Data extract:
>>>

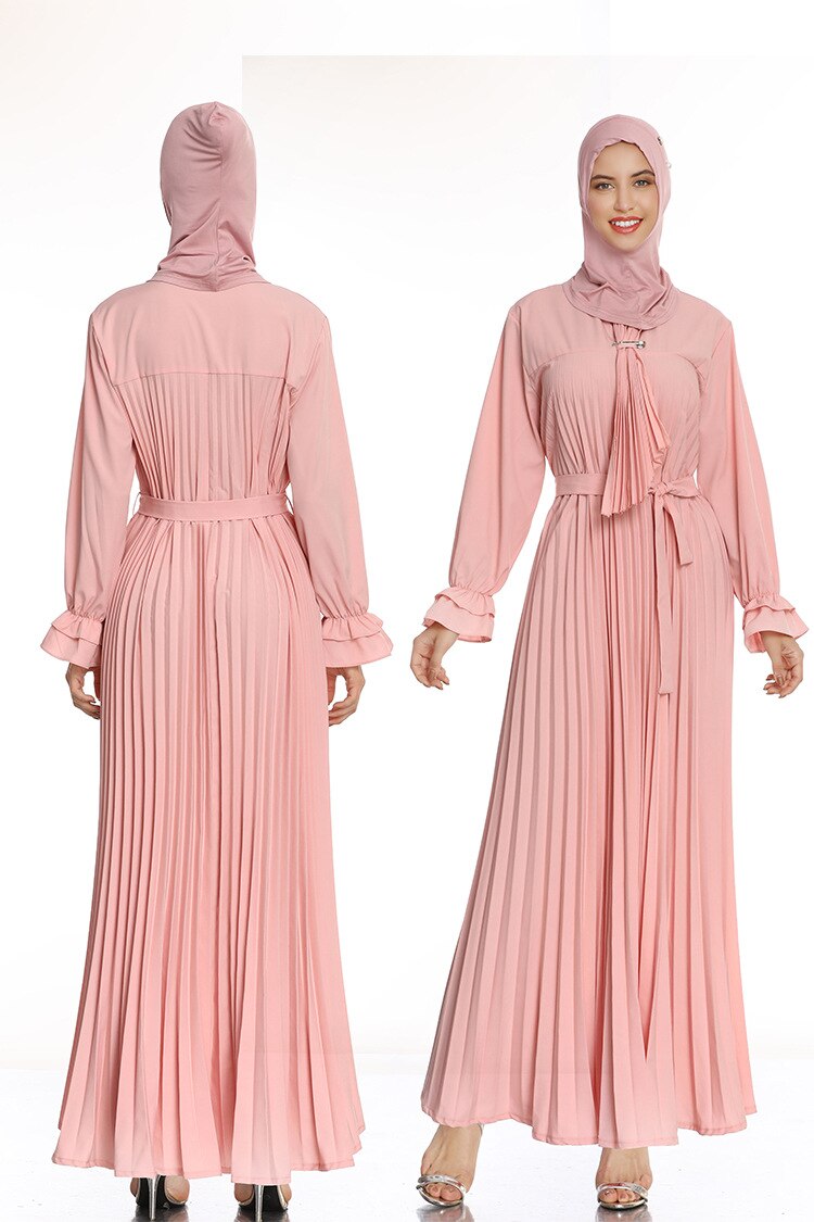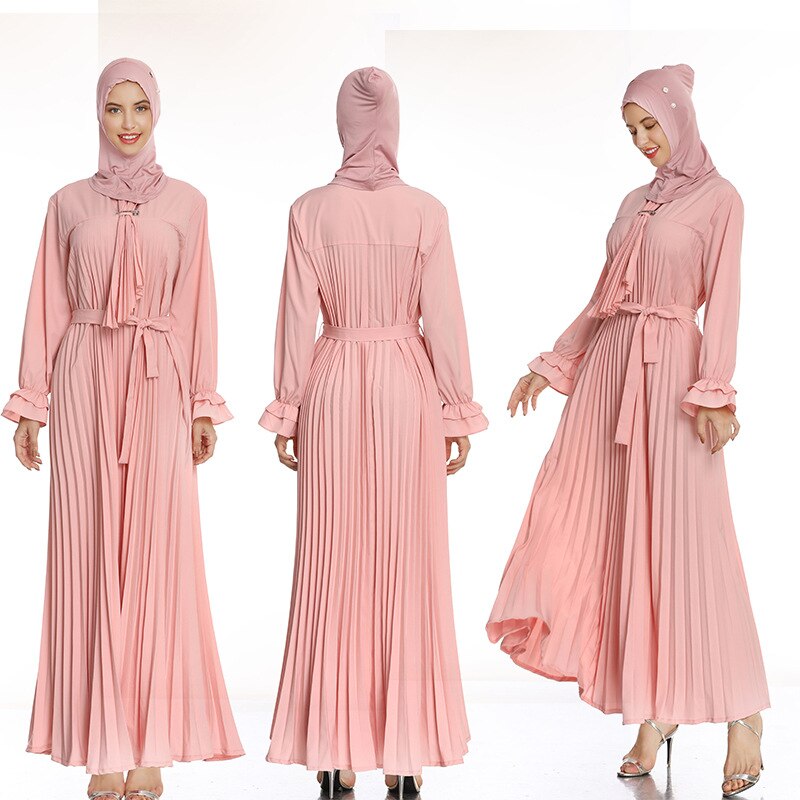 Pink 2021  Newest Muslim Abaya Pleated Sashes Elegant Ruffle Sleeve Abayas for Women Fashion Elegant A-line Islamic Dress
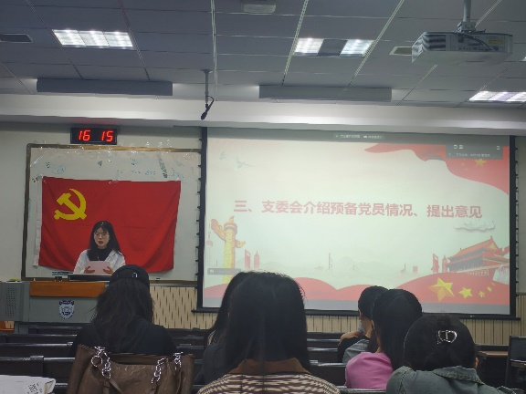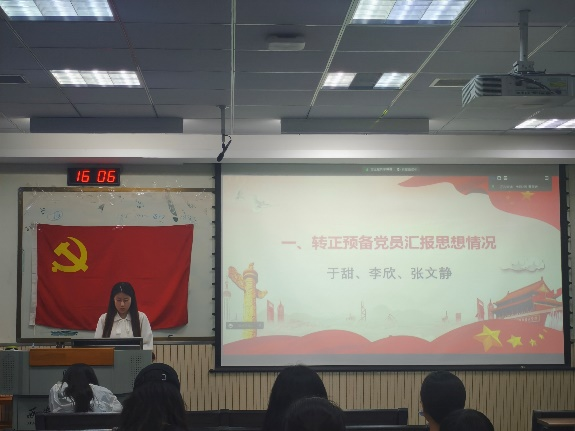 首先进行支部预备党员转正会议。三名预备期满的预备党员(李欣、张文静、于甜)从思想、工作、生活等方面对自己在预备期间的表现进行了汇报,其入党介绍人介绍了她们在预备期间的表现并发表意见。支委会对三名预备党员的审查情况进行汇报,并提出意见。听取报告后,支部大会充分讨论、发表意见并由正式党员进行无记名投票表决,全票通过了于甜、李欣和张文静三名同志的转正申请,同意其按期转正。最后全体党员重温入党誓词,回顾入党初心,坚定理想信念,并以此为契机,加强理论学习,提高专业素养,坚定为党和国家的伟大事业不懈奋斗。
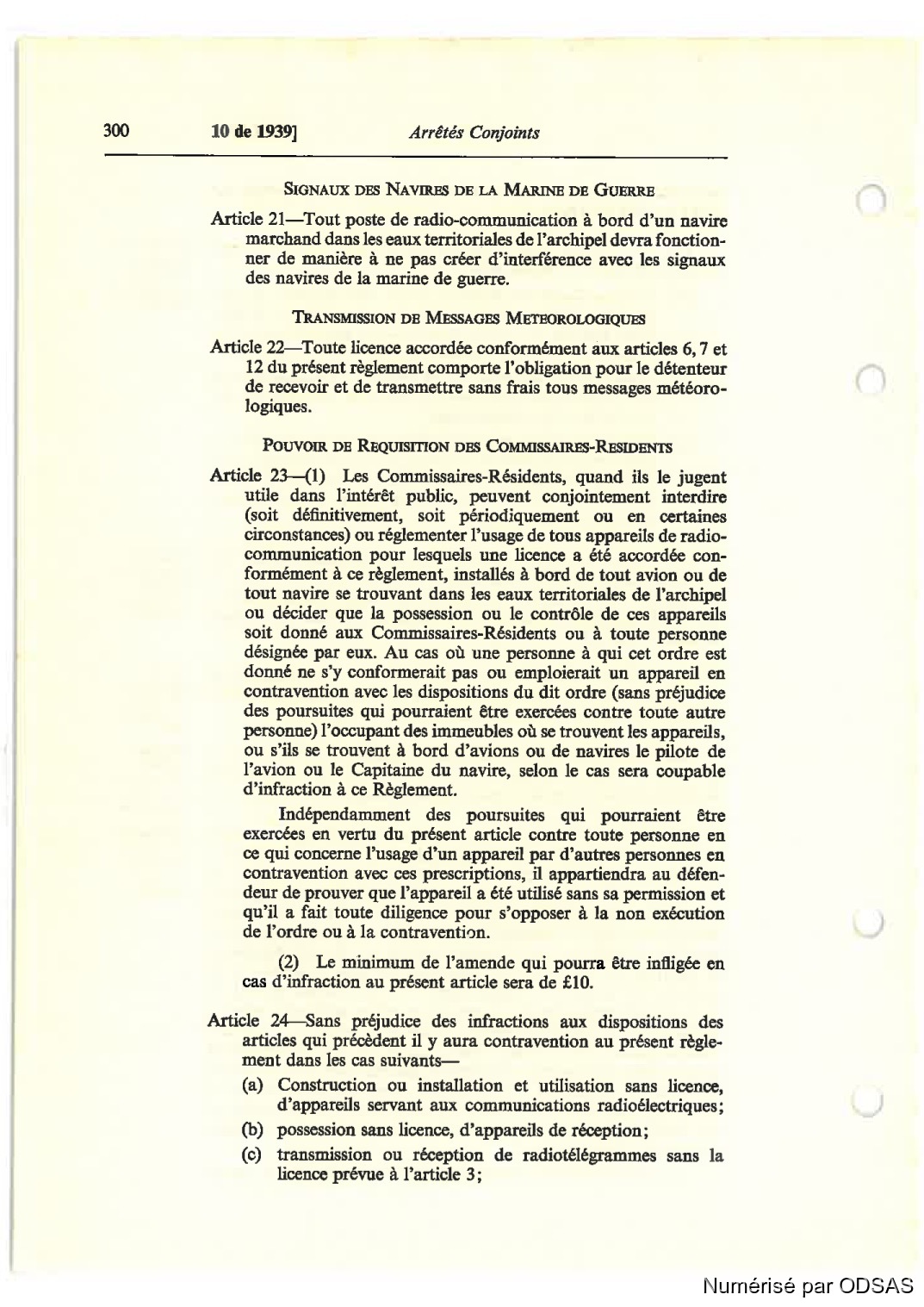 Article 23—(1) Les Comissaires—Résidents, quand ils le jugent
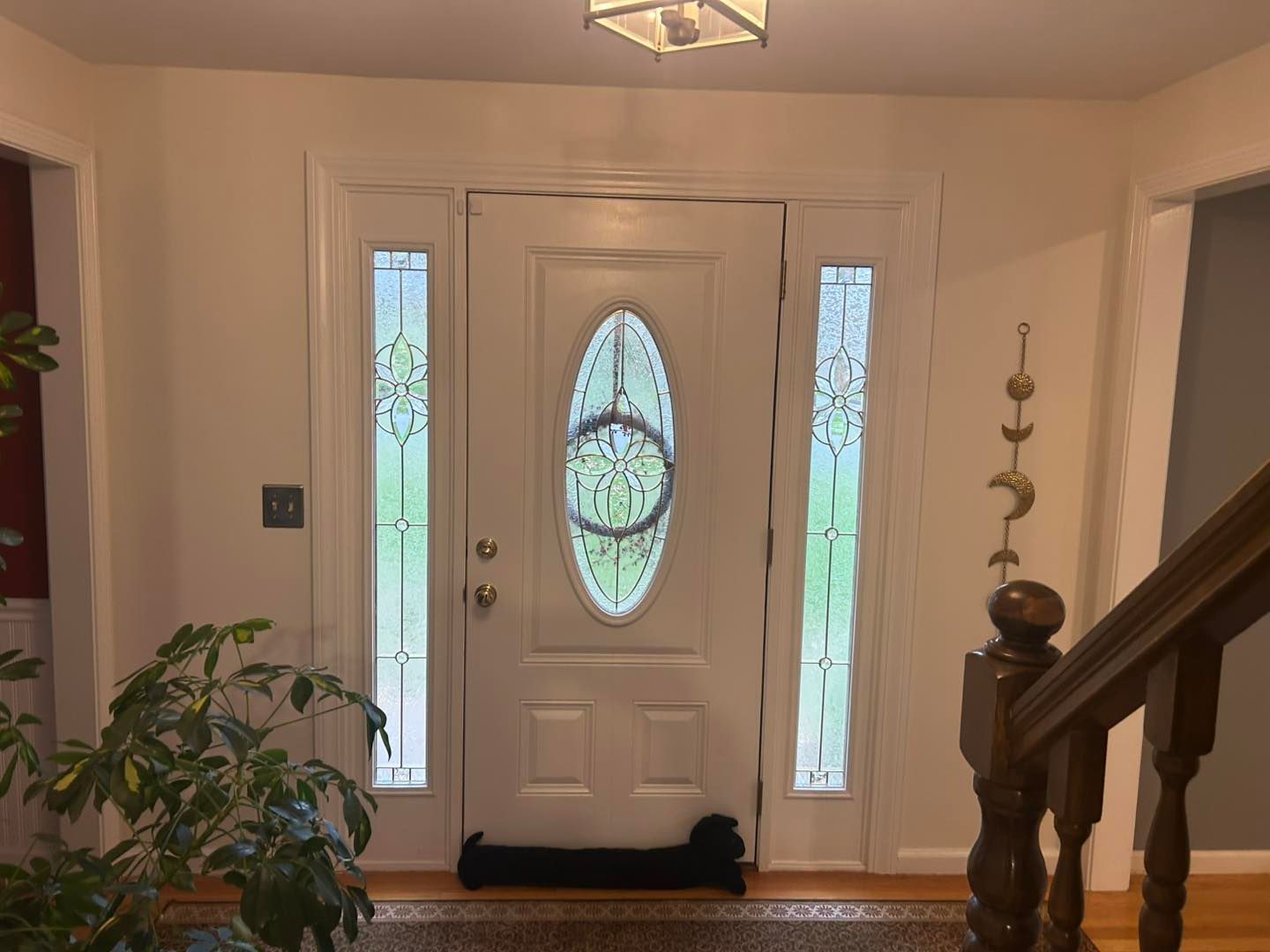 After that all trim, baseboard and the entrance door were primed with Insl-x primer. After that they were given two coats of Benjamin Moore Chantilly Lace with a semigloss finish.

<<<

Try it: Repeat the material above exactly; any picture in it is left out.

Answer for this exercise:
 Pink 2021  Newest Muslim Abaya Pleated Sashes Elegant Ruffle Sleeve Abayas for Women Fashion Elegant A-line Islamic Dress
 首先进行支部预备党员转正会议。三名预备期满的预备党员(李欣、张文静、于甜)从思想、工作、生活等方面对自己在预备期间的表现进行了汇报,其入党介绍人介绍了她们在预备期间的表现并发表意见。支委会对三名预备党员的审查情况进行汇报,并提出意见。听取报告后,支部大会充分讨论、发表意见并由正式党员进行无记名投票表决,全票通过了于甜、李欣和张文静三名同志的转正申请,同意其按期转正。最后全体党员重温入党誓词,回顾入党初心,坚定理想信念,并以此为契机,加强理论学习,提高专业素养,坚定为党和国家的伟大事业不懈奋斗。
 Article 23—(1) Les Comissaires—Résidents, quand ils le jugent
 After that all trim, baseboard and the entrance door were primed with Insl-x primer. After that they were given two coats of Benjamin Moore Chantilly Lace with a semigloss finish.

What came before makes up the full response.